The first car to roll off the assembly line was the Taunus P4 Fords first front wheel drive car and within a year 100,000 cars had already been produced.
During the 1980s around 14,000 were employed here to assemble the Sierra and Escort.
Plans to close the site emerged in 2012. The site was running at 65% of its production capacity, with other sites also running under capacity the Genk site finally closed in December 2014 with a loss of over 4000 jobs. As if being the largest employer in the area wasn't enough to affect the area, a study by the University of Hasselt predicted that the knock on effect in the area could actually affect over 11,000 people as suppliers to the site would be greatly affected too. Around 14 million vehicles were produced on this site in its 50 year life. Demolition work is well under way here and the estimated decontamination costs of the site will reach around 11 million euros.

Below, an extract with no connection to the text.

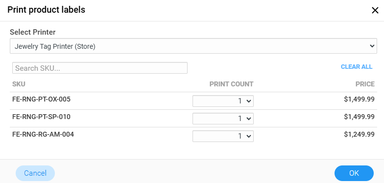 A new dialog named Print Product Labels will open, displaying the list of selected items and their quantities (defaulted to one, but adjustable).

Anyway the Genk site now has little of interest to offer the urban explorer apart from a small building near the canal. We wonder through empty production halls to keep out of site of security and workmen. They really didn't offer any incentive to take my camera out of my bag. After passing through a couple of large buildings we finally reach our goal and make our way inside.
So it turns out this is actually a compressor house, the generating sets have since been replaced with four compressors. The demand for electricity was too high for the power plant and they sourced power elsewhere. Separating the compressor hall and the boiler house was a long control room. Quite an original style to it which was good to see. The boiler house was remarkably clean for a site which had been out of use for for over 2 years.